Следуя за Устюговым, его протеже – Александр Александрович Преображенский, Юрий Александрович Тихонов и в особенности Екатерина IIосифовна Индова – обнаружили сходные явления в кирпичном производстве, дублении кож, саловарении, производстве поташа, винокурении, судостроении и в особенности на речном транспорте.{534} Все представили доказательства, свидетельствующие о наступлении в России капитализма. Милица Васильевна Нечкина к тому моменту разработала тезис, очевидно в качестве реакции на утверждение Павленко, согласно которому два уклада в одной формации сосуществовать не могут: если зарождается один, то конкурирующий приходит в упадок. Таким образом, возникновение капиталистических отношений было невозможно без разложения феодализма, который безуспешно пытался помешать росту нового явления. Обнаружение наемного труда во второй половине XVII века должно означать, что феодализм уже достиг своего апогея и теперь двигался по нисходящей. Действительно, крепостничество усиливалось в течение примерно еще столетия, но это усиление доказывает лишь слабость и упадок феодализма. Это был, так сказать, последний вздох феодализма, пытавшегося использовать те малые ресурсы, что у него остались{535}. Если говорить о направлении и хронологии, то путь России к капитализму мало отличался оттого пути, которым шла остальная Европа. Возможно, Россия немного отставала от наиболее развитых капиталистических стран того времени, таких как Британия и Нидерланды, но почти вся остальная Европа тоже от них отставала.

Если сторонники раннего развития капитализма в России взяли за отправную точку XVII век, то сторонники его позднего развития сошлись на второй половине XVIII века. Вторая группа пристально рассмотрела предприятия XVII века, выставленные кандидатами на включение в разряд мануфактур, и исключила из них тридцать, или примерно половину. На некоторых из исключенных было занято всего около десятка рабочих, а в одном случае – всего трое. Остальные предприятия были отнесены к категории, названной простой капиталистической кооперацией, – к категории, вновь обнаруженной в главе XIII тома I «Капитала» в 60-е годы XX века сторонниками позднего развития капитализма и противопоставленной мануфактуре. Согласно Марксу, простая капиталистическая кооперация возникала тогда, когда объединялось значительное число рабочих и производилась достаточная прибавочная стоимость, чтобы освободить капиталиста от непосредственного участия в производственном процессе. Хотя простая капиталистическая кооперация и давала экономию за счет масштаба производства, она почти не требовала разделения труда и, следовательно, с точки зрения технологии являлась увеличенной мастерской средневекового ремесленника. Более того, многие работы были либо сезонными, либо сильно зависели от погодных условий. Принимая во внимание данное определение, винокурение, мыловарение, речной транспорт и даже солеварение следует исключить из категории мануфактуры и поместить в категорию простой капиталистической кооперации. Даже если простая капиталистическая кооперация являлась формой капитализма, появлялась она спорадически и не обязательно приводила к мануфактуре. А что с теми тридцатью предприятиями, которые сторонники позднего развития капитализма признали мануфактурами? Согласно Павленко, почти все они были учреждены иностранцами и, следовательно, не являлись свидетельствами роста капитализма на местной почве.

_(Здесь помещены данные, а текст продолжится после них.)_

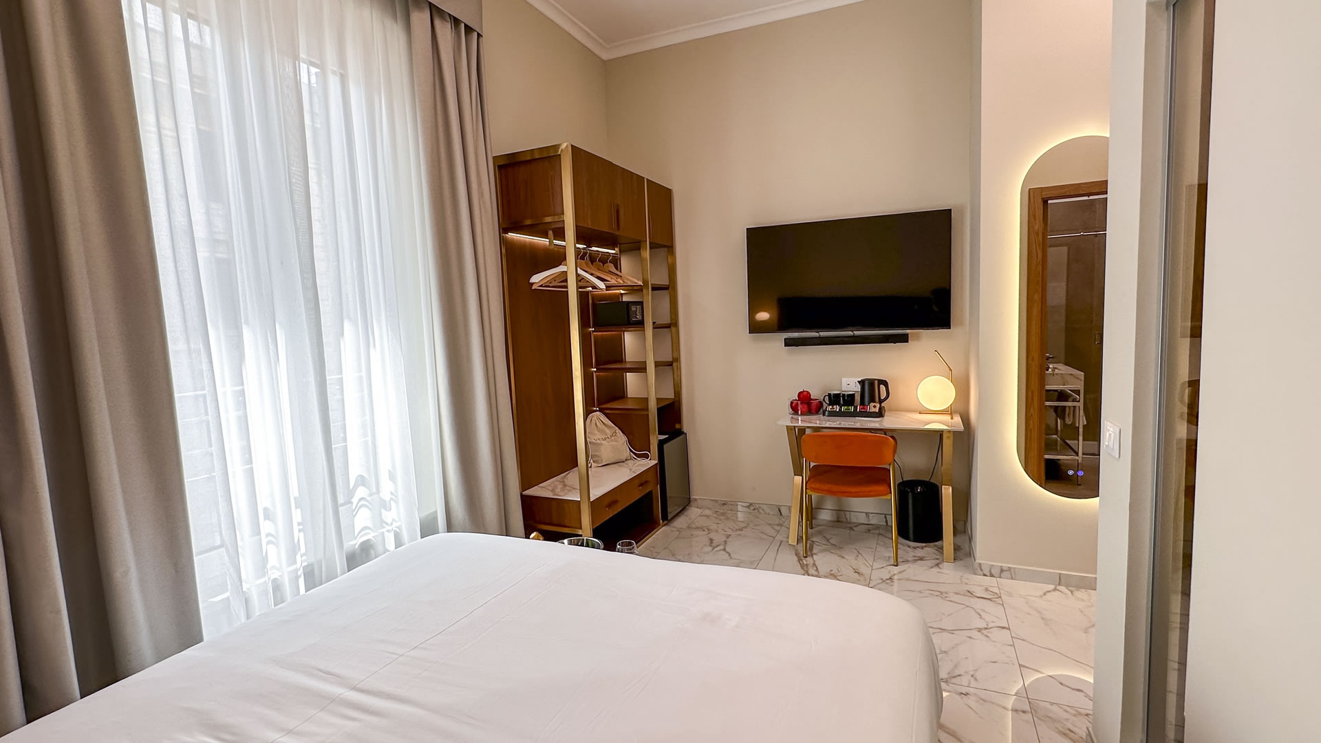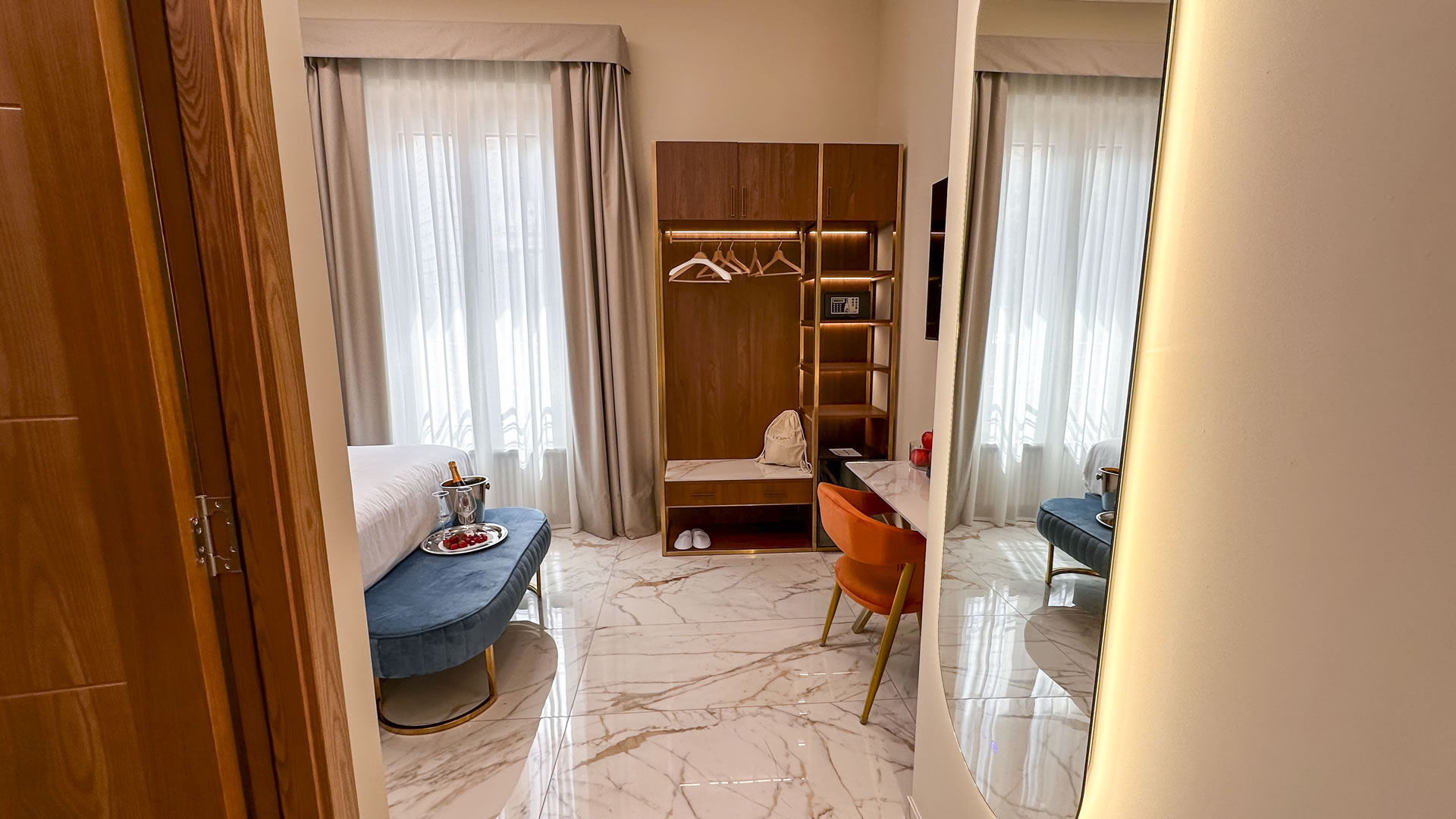 La nostra struttura vanta un design raffinato e contemporaneo, dove ogni dettaglio è stato curato per creare un ambiente accogliente. Le camere, arredate con mobili di design e dotate di comfort moderni, offrono un rifugio perfetto dopo una giornata di esplorazione nella città eterna. Ogni camera è dotata di materassi anallergici con testata letto comfort, porta valigie, appendiabiti, frigobar, bollitore con tè e caffè di cortesia, ed un fornito minibar con snack e bevande.

Какое же тогда место отводилось «капиталистам-купцам», которых Ленин определил как хозяев всероссийского рынка? Они вложили некоторую, но никак не большую, часть полученного от торговли капитала в простую капиталистическую кооперацию. Они обеспечивали уже существовавший рынок за счет уже существовавшего способа производства. Их, следовательно, необходимо считать представителями торгового, а не буржуазного капитализма. На такой зыбкой основе выстроить капитализм в России XVII века было нельзя.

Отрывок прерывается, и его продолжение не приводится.